Material for the task:
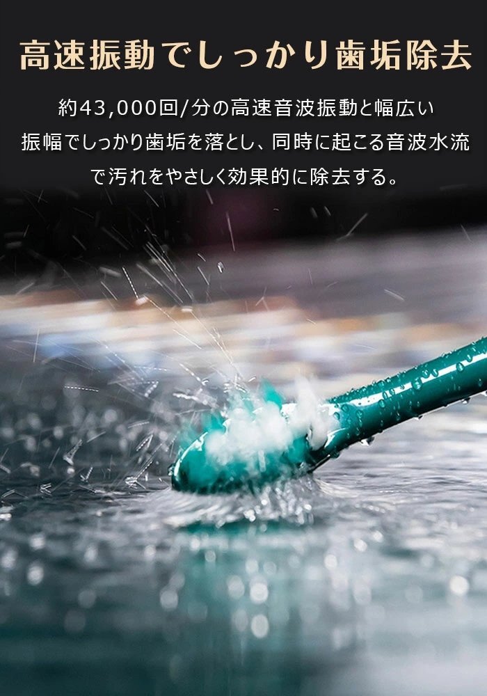 【最大43000回/分の高速音波振動】最大43000回/分の振動で歯ブラシを当てるだけで”つるつる”の仕上がりへ。独自の波型ヘッドが歯間の隅々まで掻き出すように歯垢や食べカスを除去致します。
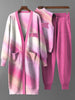 Dreiteiliges Damen-Vintage-Set mit rosafarbener Steigung gestreifter Mantel
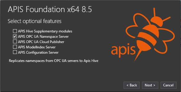 To install the Apis OPC UA Namespace Server, check the box for 'APIS OPC UA Namespace Server' when running the Apis Foundation install kit:
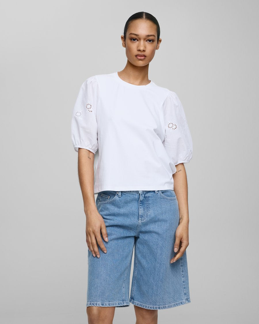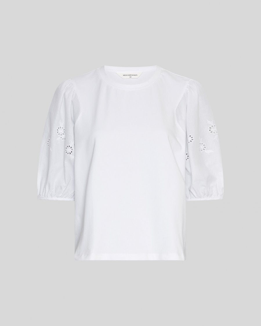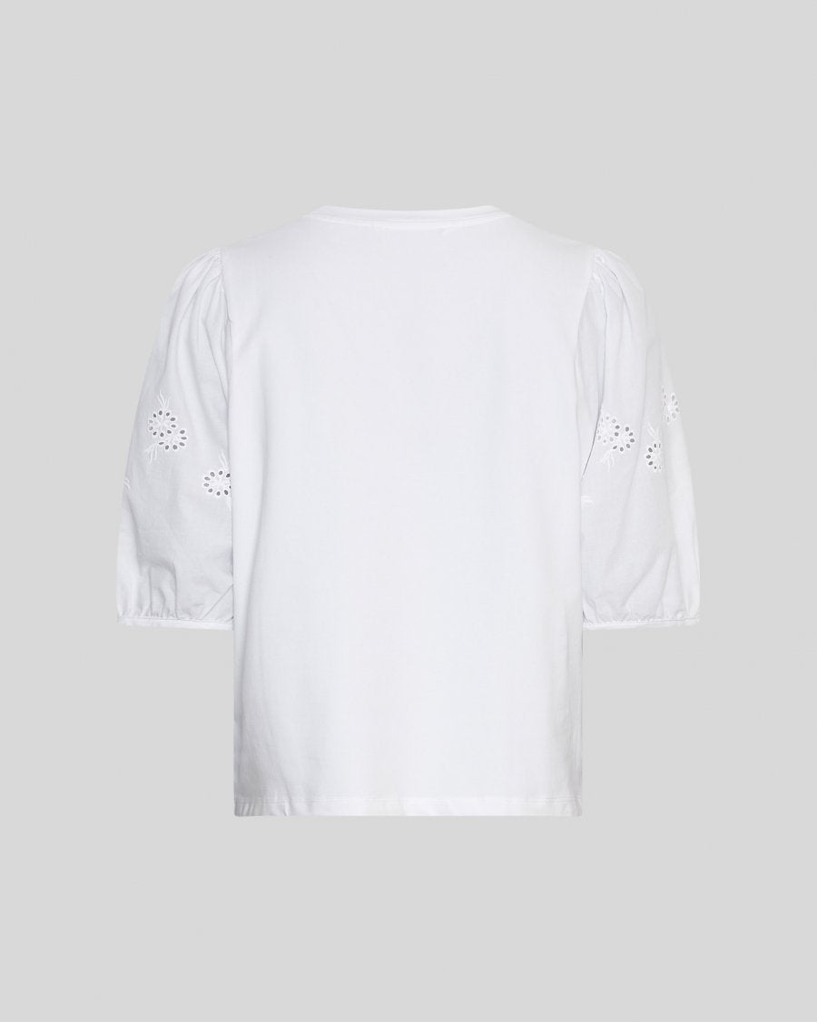 MSCHCebrina 2/4 Top fra MSCH Copenhagen er en jerseytopp med rund hals og 2/4-ermer som har et blomsterbroderidetalj. Den er perfekt som en hverdagstopp!
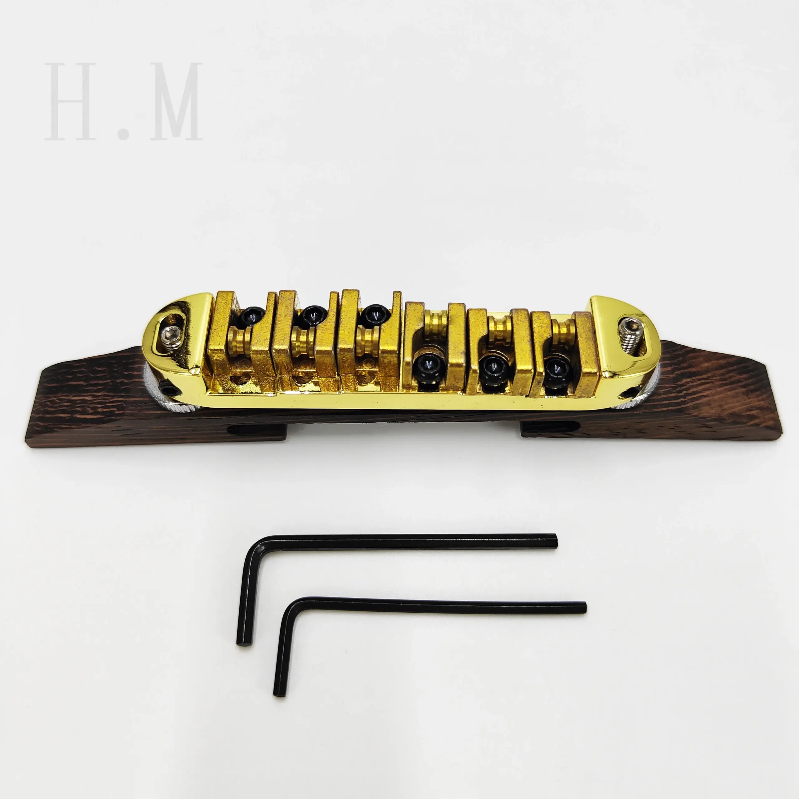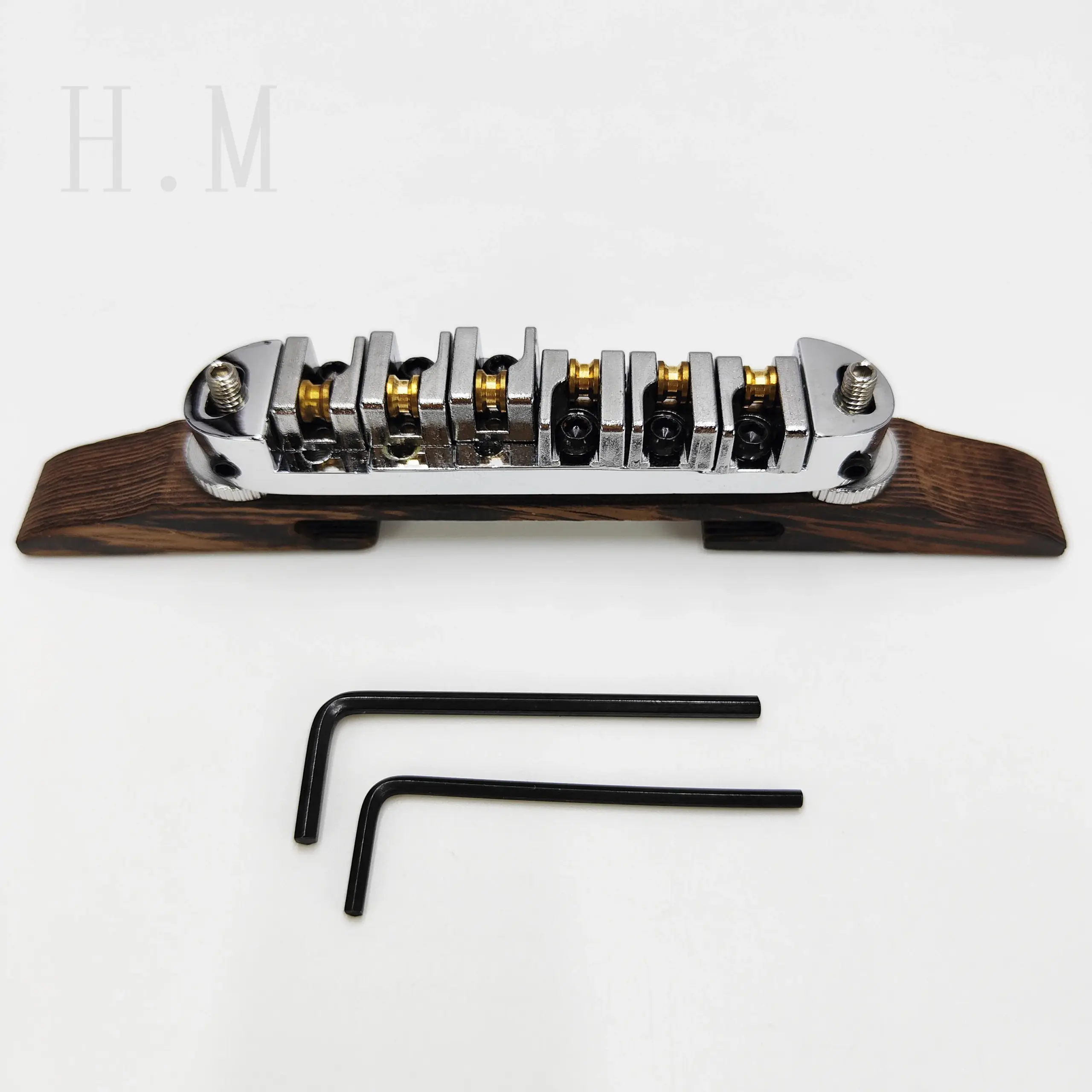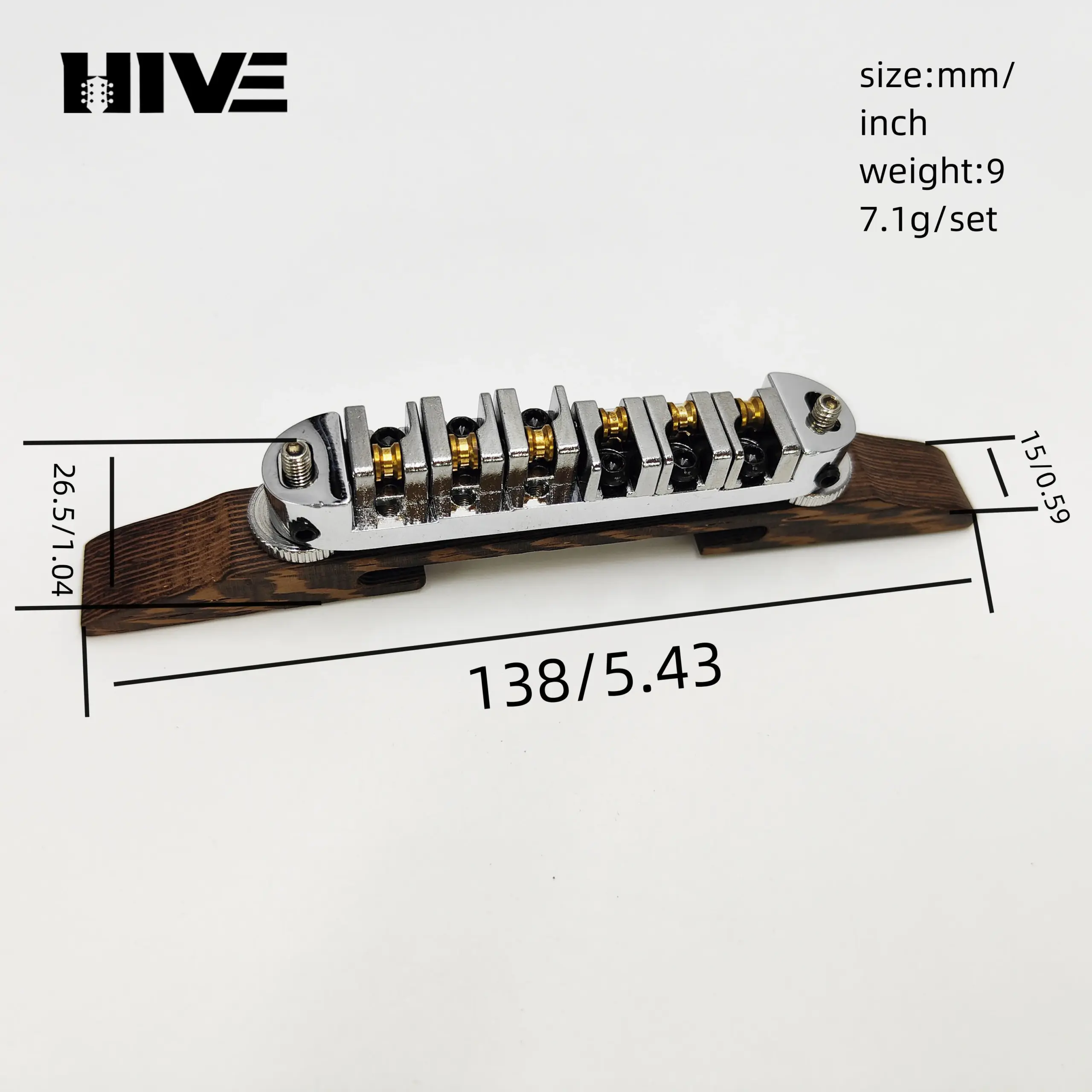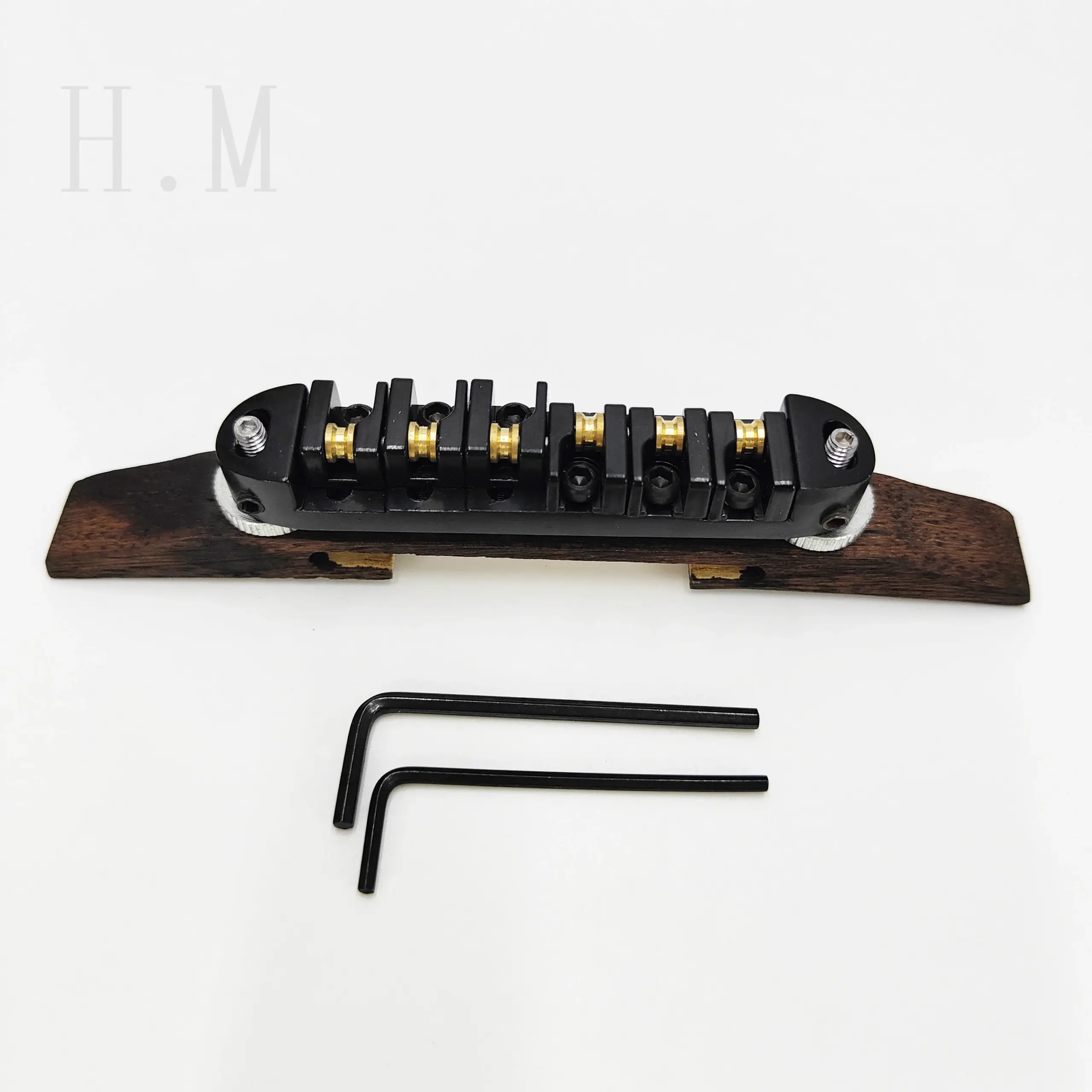 Enhance your jazz electric guitar with this high-end rosewood ball bottom bridge set, crafted from zinc alloy and available in black, gold, and silver finishes. Measuring 138 mm in length, 17 mm in width, and 26.5 mm in height, this adjustable bridge features a polished metal surface with black saddle pieces for a sleek and sophisticated look. The set includes two wrenches for precise tuning of string height, ensuring optimal playability. Designed specifically for jazz electric guitars, this durable and elegant component balances natural materials with high-quality metalwork, delivering both aesthetic appeal and reliable performance for discerning guitar enthusiasts.

Brief: Only the lines from the one containing "MSCHCebrina 2/4 Top" through the end of the listing above should be reproduced, exactly as they stand. Leave the pictures out.

The completed task:
 MSCHCebrina 2/4 Top fra MSCH Copenhagen er en jerseytopp med rund hals og 2/4-ermer som har et blomsterbroderidetalj. Den er perfekt som en hverdagstopp!
 Enhance your jazz electric guitar with this high-end rosewood ball bottom bridge set, crafted from zinc alloy and available in black, gold, and silver finishes. Measuring 138 mm in length, 17 mm in width, and 26.5 mm in height, this adjustable bridge features a polished metal surface with black saddle pieces for a sleek and sophisticated look. The set includes two wrenches for precise tuning of string height, ensuring optimal playability. Designed specifically for jazz electric guitars, this durable and elegant component balances natural materials with high-quality metalwork, delivering both aesthetic appeal and reliable performance for discerning guitar enthusiasts.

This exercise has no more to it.